Work required
Although pictures appear in the data, the answer should contain only the lines from its start through the line with "Расстояние до моря", written out exactly.
- - -
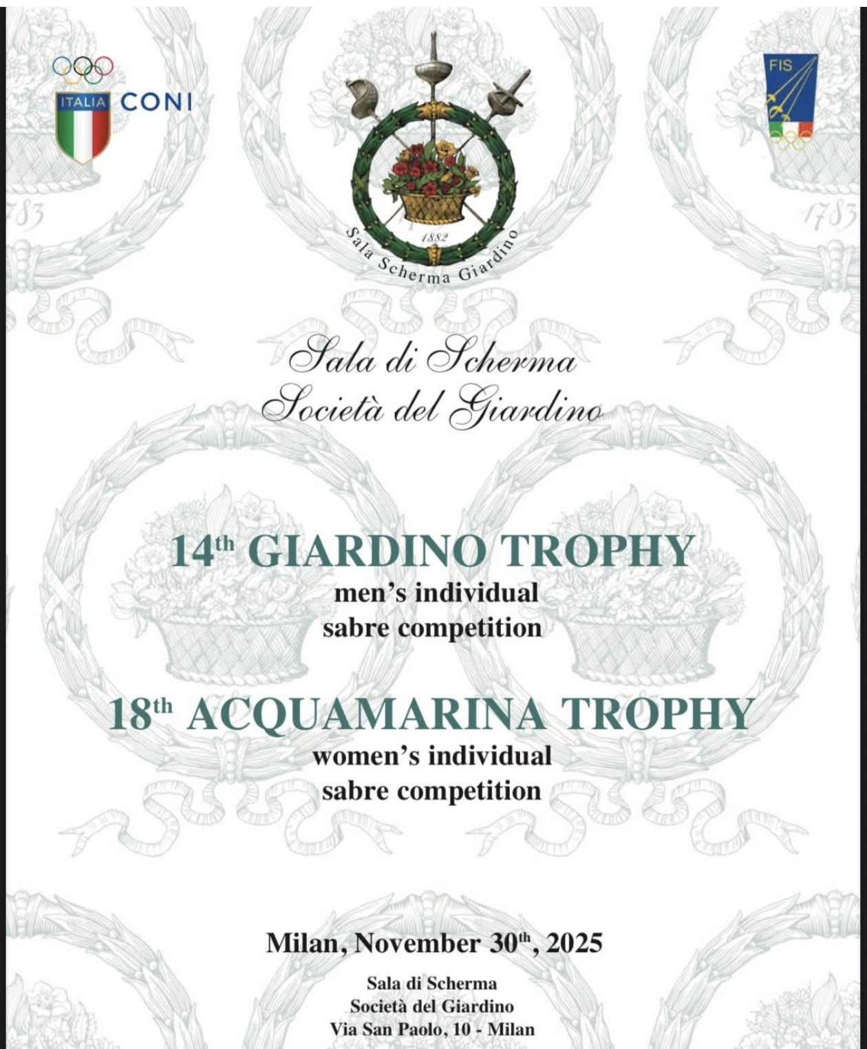 On Sunday the 30th of November our Salle organizes the 14th edition of the Male Sabre Giardino Trophy and 18th edition of the female Sabre Acquamarina Trophy open form Cadet category on
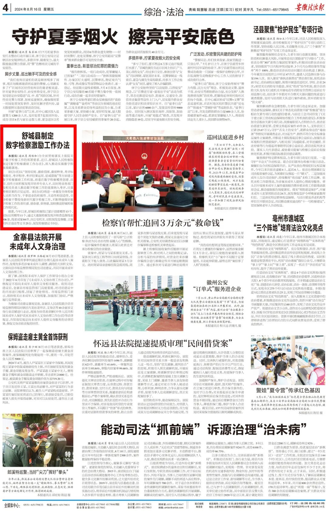 为全面贯彻落实上级院关于数字检察工作的部署要求,近日,舒城县人民检察院制定《数字检察激励工作办法》,深入推动实施数字检察战略落地。
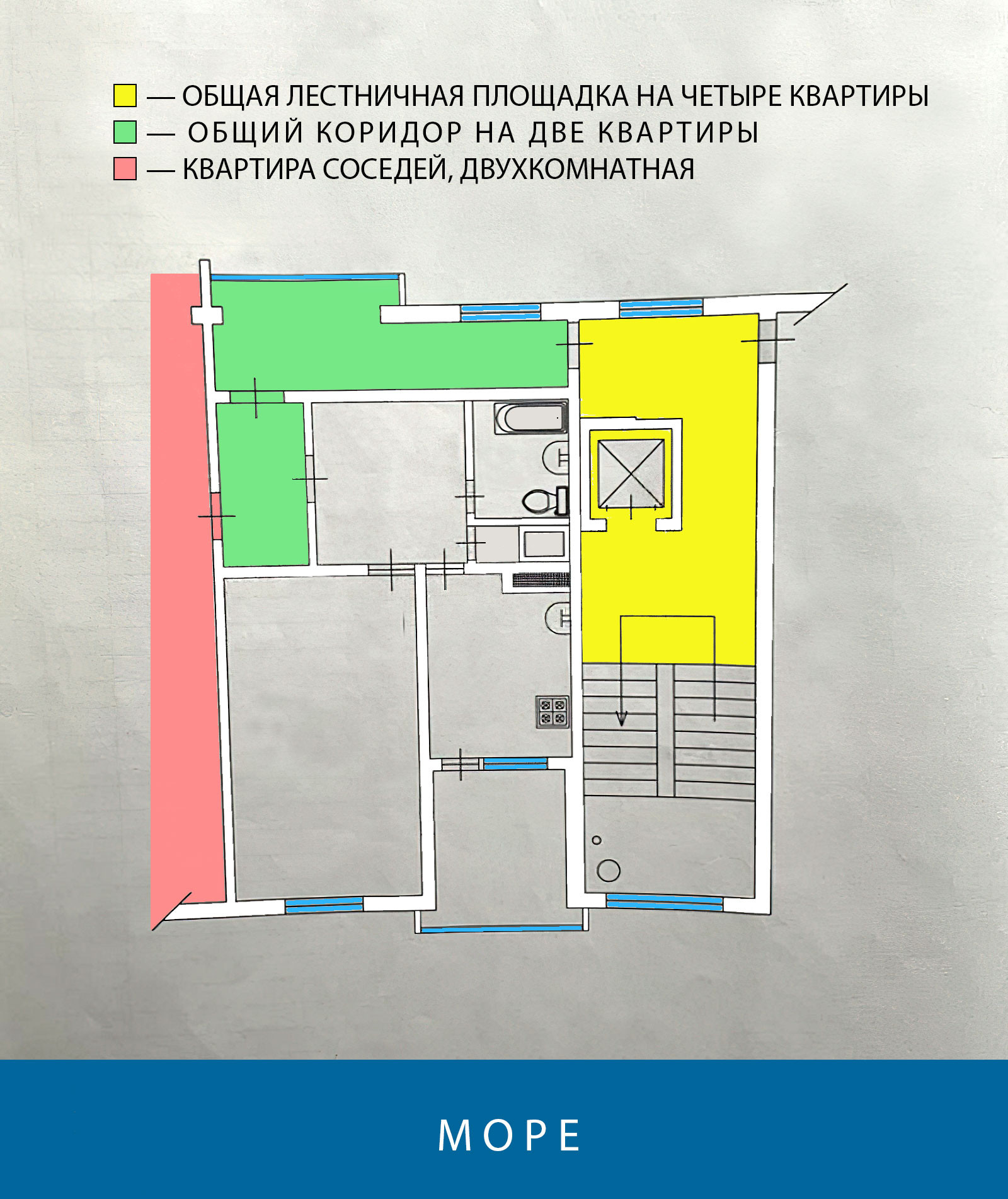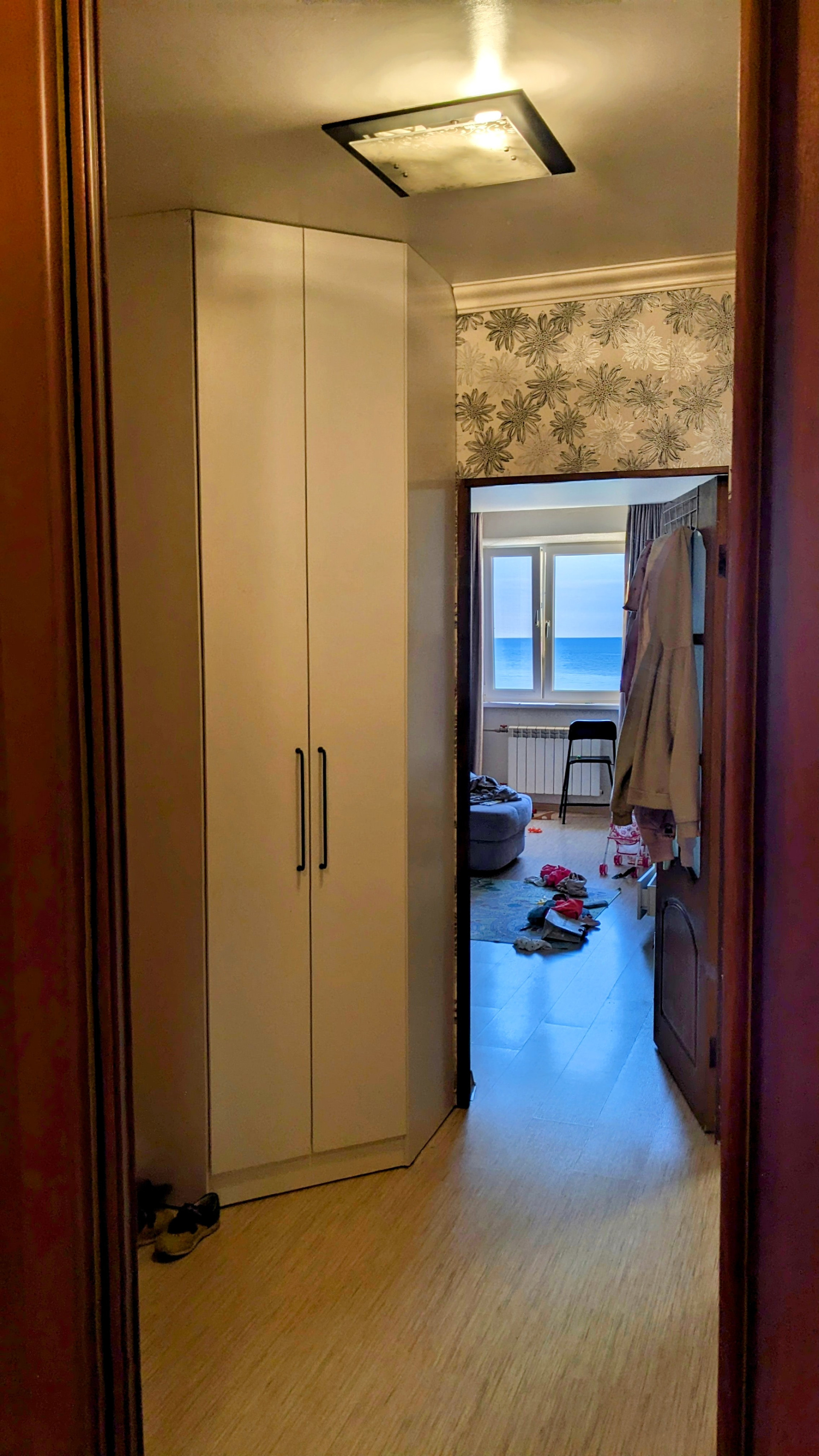 Расстояние до моря по прямой 800 метров, пешком по дороге 20 минут. Высота квартиры над уровнем моря 160 метров. Главное достоинство — вид. Не на кусочек моря среди курятников, не на дырку с морем между гаражей, а настоящий вид на море, каким он должен быть — если вы понимаете в этом толк.
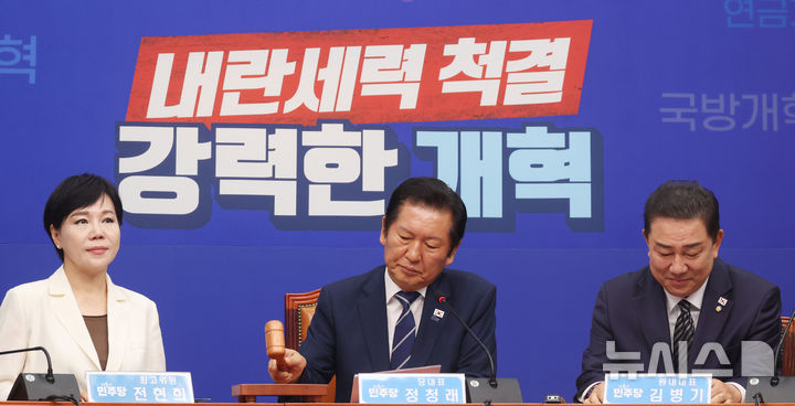 [서울=뉴시스] 조성봉 기자 = 정청래 더불어민주당 대표가 13일 오전 서울 여의도 국회에서 열린 최고위원회의에서 의사봉을 두드리고 있다. 2025.08.13. [email protected]
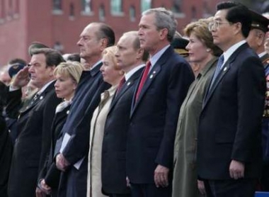 獻(xiàn)花結(jié)束以后,各國(guó)領(lǐng)導(dǎo)人在一旁的小廣場(chǎng)集體合影,接著出席普京總統(tǒng)在克里姆林宮大會(huì)堂六層宴會(huì)廳舉行的紀(jì)念衛(wèi)國(guó)戰(zhàn)爭(zhēng)勝利六十周年宴會(huì)。
- - -
Your solution
 On Sunday the 30th of November our Salle organizes the 14th edition of the Male Sabre Giardino Trophy and 18th edition of the female Sabre Acquamarina Trophy open form Cadet category on
 为全面贯彻落实上级院关于数字检察工作的部署要求,近日,舒城县人民检察院制定《数字检察激励工作办法》,深入推动实施数字检察战略落地。
 Расстояние до моря по прямой 800 метров, пешком по дороге 20 минут. Высота квартиры над уровнем моря 160 метров. Главное достоинство — вид. Не на кусочек моря среди курятников, не на дырку с морем между гаражей, а настоящий вид на море, каким он должен быть — если вы понимаете в этом толк.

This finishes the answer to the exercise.